P.S. Mom cried when she saw the police car pull up.

**REVIEW because I wuv you.**

**AND I WILL DESTROY YOU IF YOU DO NOT!**


	3. This is what happened according to Logan

**This is actually the one I'm expecting to be the least good, but on the bright side (of life, dodo, dodo dodo dodo) the next chapter is from an insane person, and that's always fun!**

Dear Chuck,

No, I'm not going to visit any time soon. Yes, I still carry knives wherever I go. No, I am not going to go sit in an office of a head doctor and talk about my problems and hope that they can cure my amnesia. Yes, I got in a bar fight this weekend. No, I am not going to teach at your school.

And now that all the usual introductions are out of the way: Hi Chuck, I hope you're okay and none of your students have tipped you out of your wheelchair recently.

Really.

If they have, tell me, and I _will_ visit you soon for the sole purpose of killing them.

Not literally.

Well, not completely. When you told me 'no killing the students' last time I was there, did it include maiming? Yes? Damn.

But really, you need to hang them by their ankles in the basement for an hour the next time they pull a stunt like that. It'll help teach them a lesson. I know just spot to use. I'll call it the Danger Room and send someone there every time fireworks are set off or cherry bombs are put in someone's lunch or public displays of affection are flaunted. Tie them up myself.

Work's been pretty slow for me lately, except for this one case of arson. It was in that secluded part of town, where the warehouses are. Two of the three buildings that caught on fire were empty, and the third didn't burn long enough to cause too much damage. There doesn't seem to be a reason for someone to set them on fire other then to just... set them on fire. Whoever this person is, they are seriously messed up.

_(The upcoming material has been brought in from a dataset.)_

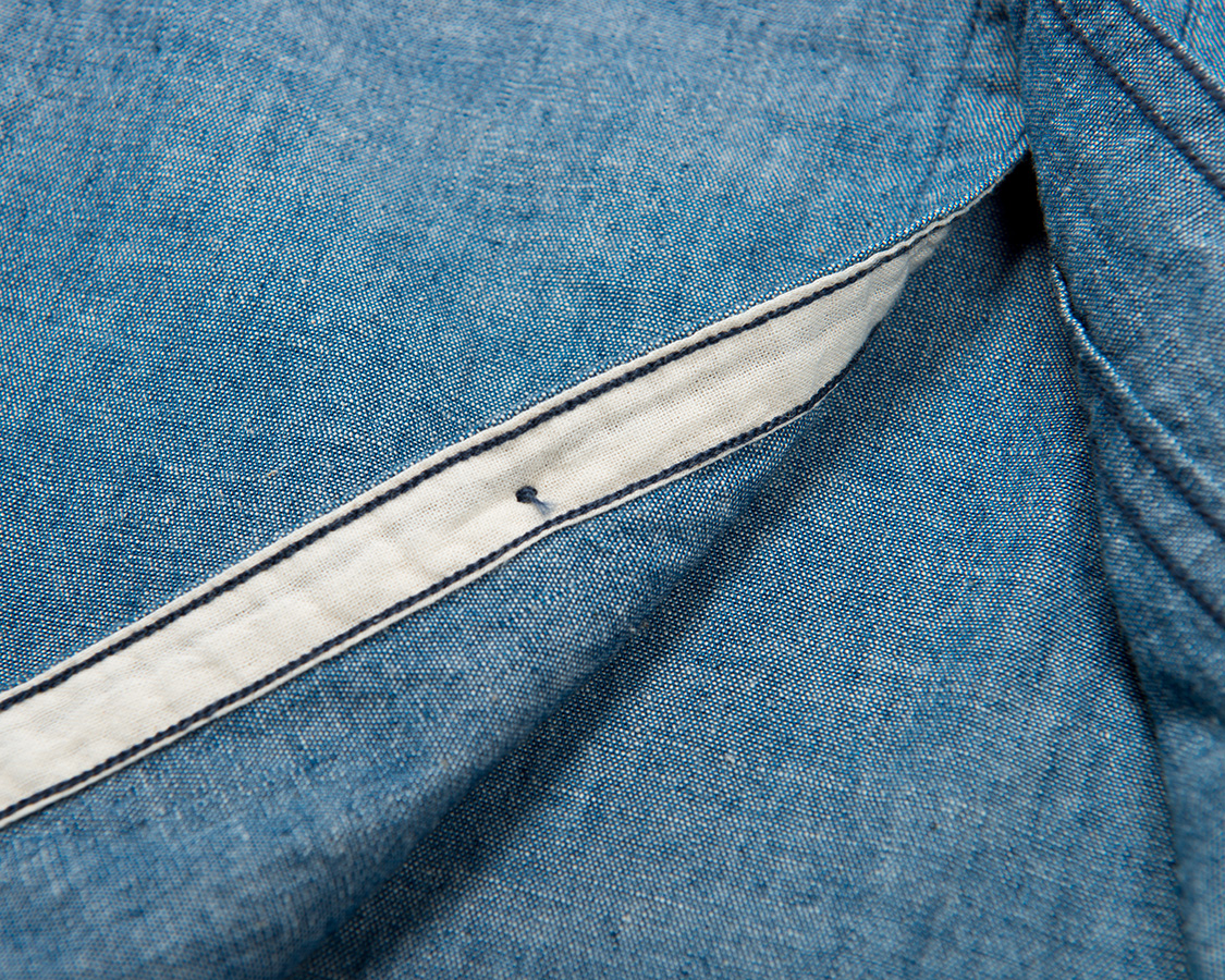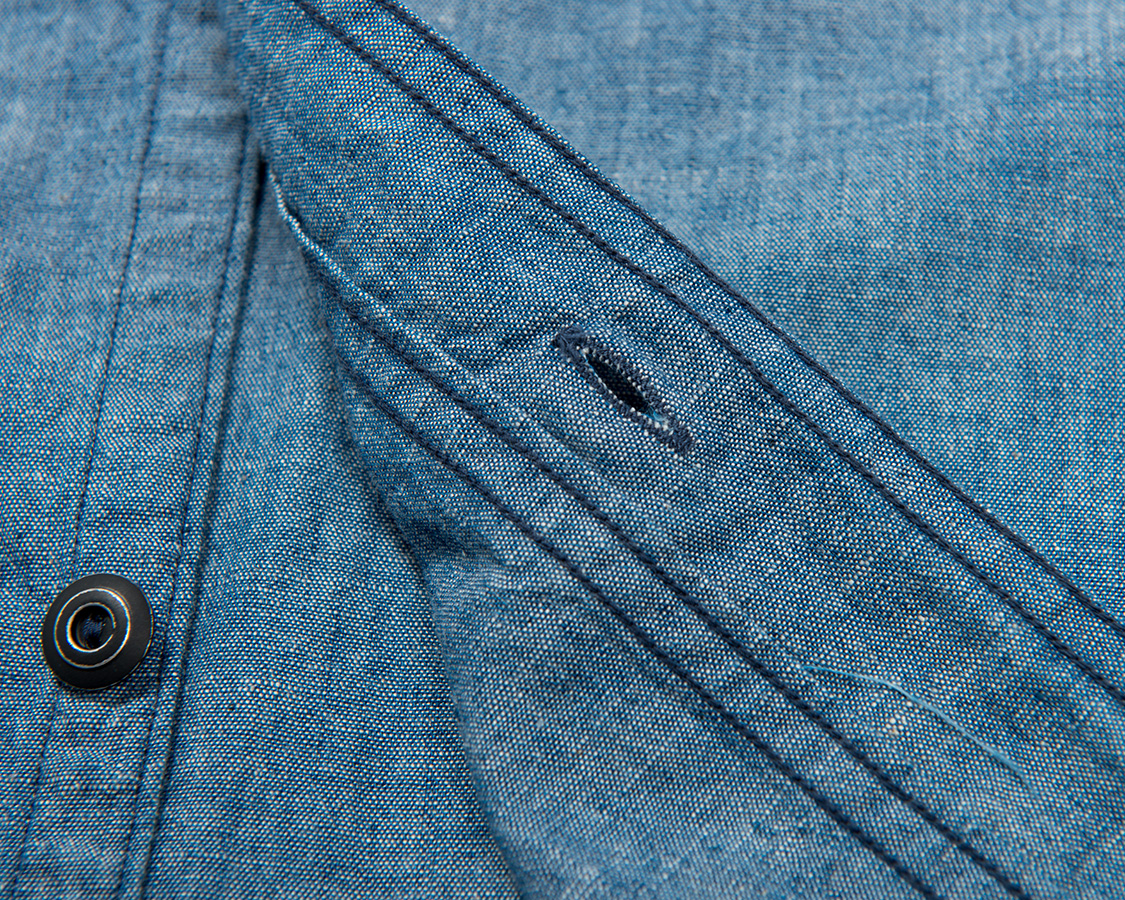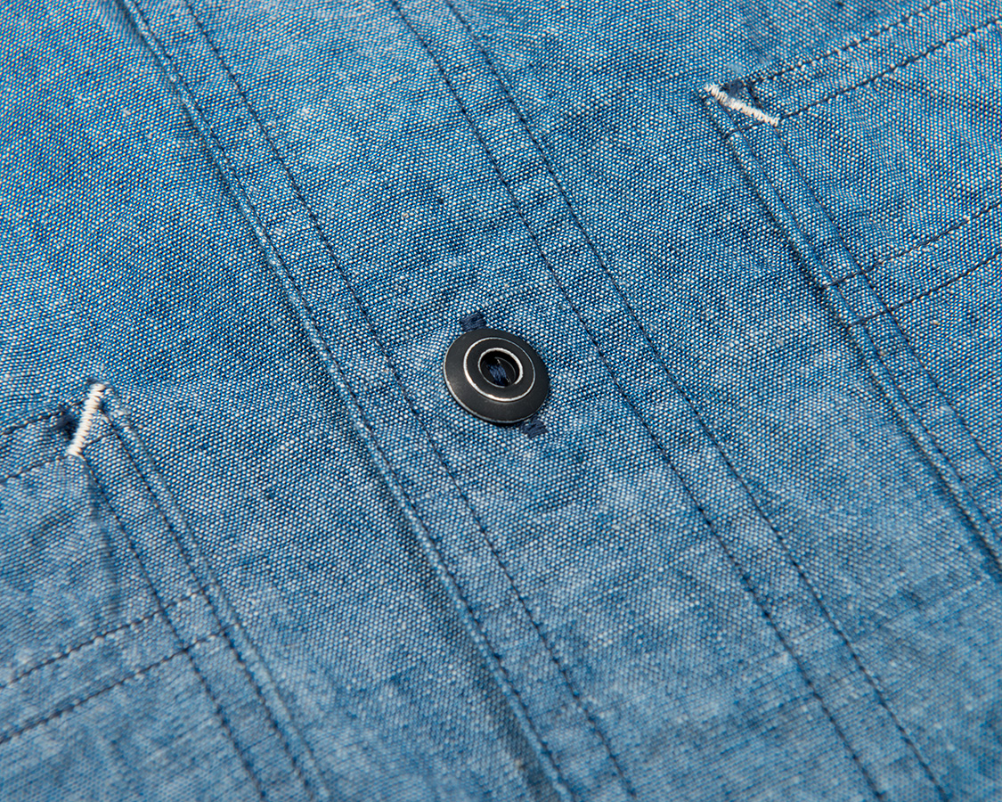 | Metal Button Work Shirt, Blue Chambray |

Chances are that no one would have even seen the blaze until half the warehouses were on fire, except Creed was in the area for 'undisclosed reasons' (*cough* beer break *cough*) and could report the fire straight away, along with proudly letting everyone know that he'd picked up a suspect. Because we all know that Creed is useless, and him picking _anyone _up is pretty impressive.

I was the second closest to the area, but I still didn't get there until the fire was under control anyways. Fun fact: turns out your niece, Anna-Marie, was the suspect Creed picked up. You might have to bring her back to the misfit school to re-fix her. (Or 'help her make better decisions in life' or whatever you do at that Institute of yours)

Actually, don't do that. No one but Creed _really_ believed that she was the person who set the fire, partially because the fire had been started by pouring gas all over one of the buildings and she clearly had not handled that much gas recently. And besides, she kept going on and on about how some crazy red-haired guy stole her matches then ran away laughing hysterically. 

They took her to the station, and I got to stick around and investigate instead of eating lunch. Hurray for me. And I had a package of beef jerky and everything.

On the upside, I got free doughnuts after work.

But before the free doughnuts, I just looked around the area for more evidence. At first I didn't find much, and I was actually about to leave when, strangest thing, I find a _cockatoo, _all charred up and missing some feathers. When I picked it up, it made a funny 'Or-or-o' sound, so that's what I started calling it, because we all know I suck at that kind of thing. It was either that or Sooty, so its name is now Ororo.

After I drove Anna home from the station and stopped her mother from breaking down into tears on the front stoop, I brought the bird into a veterinary office. In case you were wondering, it's a she, _she _probably got caught in the blaze and fell right from the sky when she tried to fly away while her wings were on fire, and half the bones in her body are now broken.

I ended up leaving her there so that they could treat her, but I'm not sure what to do with her once she's ready to leave. The Mrs. is scared of birds, so I can't exactly bring her home.

I was thinking… kids like animals, right? And your school has kids… unless there's something you're not telling me. How about I give the bird to your school, and she could be a class pet or something.

Give me a response when you find the time. I know time is a hard thing to come by recently.

- Logan

P.S. Seriously. Danger Room. Consider it.

**Huh… that actually turned out better then I thought it would. It started off boring and clinical when I found it.**

**Review, or I will send my minion otters to your house to ruin all of your nice new spring flowers.**

**Don't have spring flowers? They'll plant some. AND THEN RUIN THEM!**


	4. This is what happened according to FIRE!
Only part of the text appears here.